Closed Waffled-II closed 4 years ago
AI doesn't "pick things out", it imagines what it thinks it should sound like.
The artifacts you hear is essentially the results of the AI imagining what it should sound like based on it's training.
The way I think it works is the neural network is a correlation machine. It correlates all different frequencies with each other, so when a combination of frequencies and their amplitude at a specific moment in time are present, it imagines that paino should sound like "this" and vocals should sound like "that".

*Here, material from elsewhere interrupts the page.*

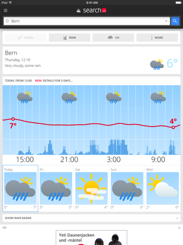 • Weather forecast: The most accurate local forecast updated at 10 minute intervals. Animated movies for rain, clouds and temperature. Eight-day weather forecast including min/max temperatures and precipitation.

I'm still new to ML but that's my impression of it.
Hi @Waffled-II
Separation is never perfect and what you are referring to is called separation artefacts
and is indeed a byproduct of spleeter.
When Spleeter separates stuff, sometimes areas can sound muddy or like something's "missing", even compared to an original instrumental version of the song, something just seems off, is this due to Spleeter not being able to pick things out and leaving artifacts, or is this just how sound works, like certain frequencies get cut out and no matter how good neural networks get, there will always be a "dirty" sound to them if that makes sense.
Like the piano stem for example, sometimes it sounds really warped when it's isolated (and normally the rest of the song would have a lot of other instruments playing as well), would this be a thing that could eventually sound good, clear, and consistent with improvements to spleeter or is this something that will never be fixable.